Re: [PATCH 1/6] perf x86: Infrastructure for exposing an Uncore unit to PMON mapping

From: Sudarikov, Roman
Date: Wed Dec 04 2019 - 13:48:41 EST


On 02.12.2019 22:47, Stephane Eranian wrote:
On Tue, Nov 26, 2019 at 8:36 AM <roman.sudarikov@xxxxxxxxxxxxxxx> wrote:
From: Roman Sudarikov <roman.sudarikov@xxxxxxxxxxxxxxx>

Intel Xeon Scalable processor family (code name Skylake-SP) makes significant
changes in the integrated I/O (IIO) architecture. The new solution introduces
IIO stacks which are responsible for managing traffic between the PCIe domain
and the Mesh domain. Each IIO stack has its own PMON block and can handle either
DMI port, x16 PCIe root port, MCP-Link or various built-in accelerators.
IIO PMON blocks allow concurrent monitoring of I/O flows up to 4 x4 bifurcation
within each IIO stack.

Software is supposed to program required perf counters within each IIO stack
and gather performance data. The tricky thing here is that IIO PMON reports data
per IIO stack but users have no idea what IIO stacks are - they only know devices
which are connected to the platform.

Understanding IIO stack concept to find which IIO stack that particular IO device
is connected to, or to identify an IIO PMON block to program for monitoring
specific IIO stack assumes a lot of implicit knowledge about given Intel server
platform architecture.

This patch set introduces:
An infrastructure for exposing an Uncore unit to Uncore PMON mapping through sysfs-backend
A new --iiostat mode in perf stat to provide I/O performance metrics per I/O device

Current version supports a server line starting Intel Xeon Processor Scalable
Family and introduces mapping for IIO Uncore units only.
Other units can be added on demand.

Usage example:
/sys/devices/uncore_<type>_<pmu_idx>/platform_mapping

Each Uncore unit type, by its nature, can be mapped to its own context, for example:
CHA - each uncore_cha_<pmu_idx> is assigned to manage a distinct slice of LLC capacity
UPI - each uncore_upi_<pmu_idx> is assigned to manage one link of Intel UPI Subsystem
IIO - each uncore_iio_<pmu_idx> is assigned to manage one stack of the IIO module
IMC - each uncore_imc_<pmu_idx> is assigned to manage one channel of Memory Controller

Implementation details:
Two callbacks added to struct intel_uncore_type to discover and map Uncore units to PMONs:
int (*get_topology)(struct intel_uncore_type *type)
int (*set_mapping)(struct intel_uncore_type *type)

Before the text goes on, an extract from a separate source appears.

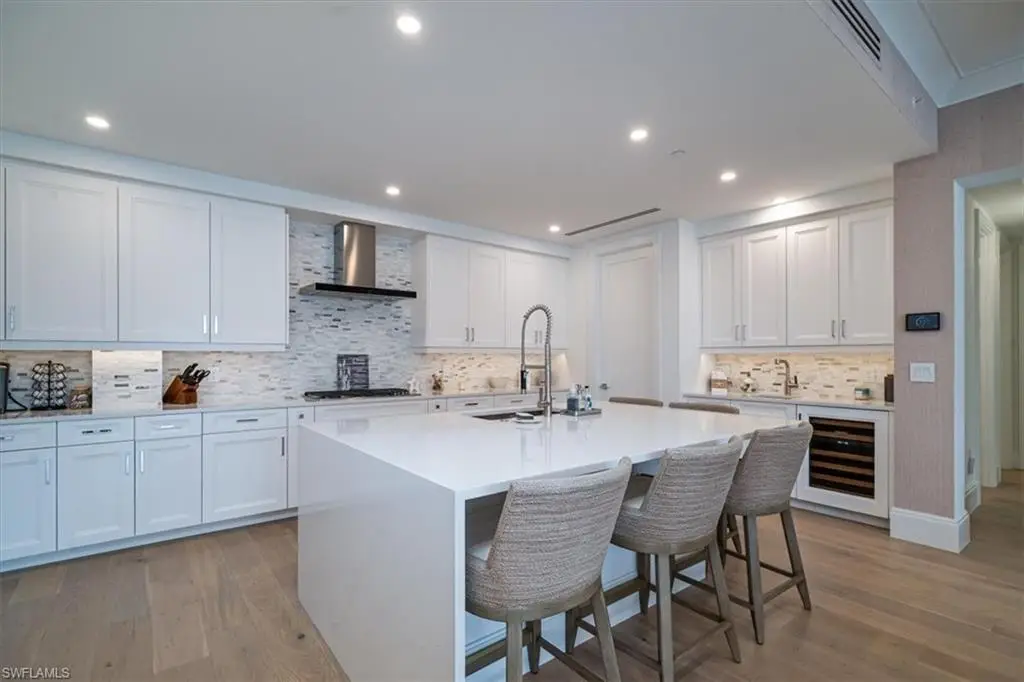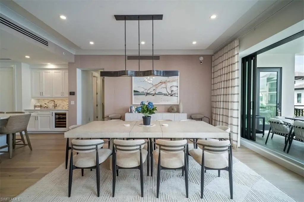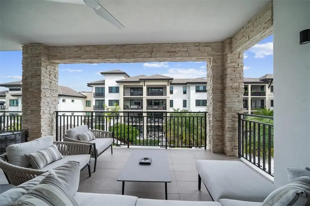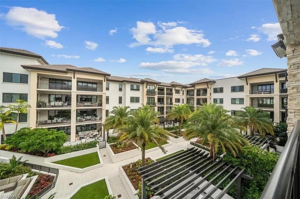 Welcome to residence 404 at Quattro, which showcases the elegant "Bianca" open floor plan, featuring 4 bedrooms, a den, and 4.5 baths. Rarely lived in, this residence is the largest available, offering 3,437 square feet of air-conditioned space, a 438-square-foot balcony, and soaring 10-foot ceilings. The expansive 36-foot balcony faces east, providing stunning views of the meticulously landscaped courtyard and resort-style pool. Furnished with custom high-end pieces and designer lighting curated by a New York interior designer, no detail has been overlooked. The home boasts rich wide-plank hardwood floors, impact-resistant doors and windows, and a chef's dream kitchen complete with a large quartz island, wet bar with wine cooler, and professional-grade Sub-Zero, Miele, and Wolf appliances, including natural gas cooking. Additional features include two deeded parking spaces in the gated garage, EV charging capabilities, and a climate-controlled storage unit. Quattro's amenities are second to none, with a heated pool and spa, fire pit, outdoor pavilion with gas grills, a state-of-the-art fitness center, and a stylish clubroom equipped with a bar, terrace, large-screen TV, and billiards room. Located in the heart of Naples' Design District, Quattro offers unparalleled access to Fifth Avenue South, Third Street South, and the pristine sugar-sand beaches. The vibrant Bayfront area with its restaurants and shops is just across the street, and the upcoming Gulfshore Playhouse is within walking distance. A masterpiece of British West Indies and Coastal Contemporary architecture, designed by the renowned MHK Architecture & Planning, Quattro is the crown jewel of Naples Square.

IIO stack to PMON mapping is exposed through
/sys/devices/uncore_iio_<pmu_idx>/platform_mapping
in the following format: domain:bus

Details of IIO Uncore unit mapping to IIO PMON:
Each IIO stack is either a DMI port, x16 PCIe root port, MCP-Link or various
built-in accelerators. For Uncore IIO Unit type, the platform_mapping file
holds bus numbers of devices, which can be monitored by that IIO PMON block
on each die.

For example, on a 4-die Intel Xeon server platform:
$ cat /sys/devices/uncore_iio_0/platform_mapping
0000:00,0000:40,0000:80,0000:c0

Which means:
IIO PMON block 0 on die 0 belongs to IIO stack located on bus 0x00, domain 0x0000
IIO PMON block 0 on die 1 belongs to IIO stack located on bus 0x40, domain 0x0000
IIO PMON block 0 on die 2 belongs to IIO stack located on bus 0x80, domain 0x0000
IIO PMON block 0 on die 3 belongs to IIO stack located on bus 0xc0, domain 0x0000

You are just looking at one die (package). How does your enumeration
help figure out
is the iio_0 is on socket0 of socket1 and then figure out which
bus/domain in on which
socket.

And how does that help map actual devices (using the output of lspci)
to the IIO?
You need to show how you would do that, which is really what people
want, with what you
have in your patch right now.
No. I'm enumerating all IIO PMUs for all sockets on the platform.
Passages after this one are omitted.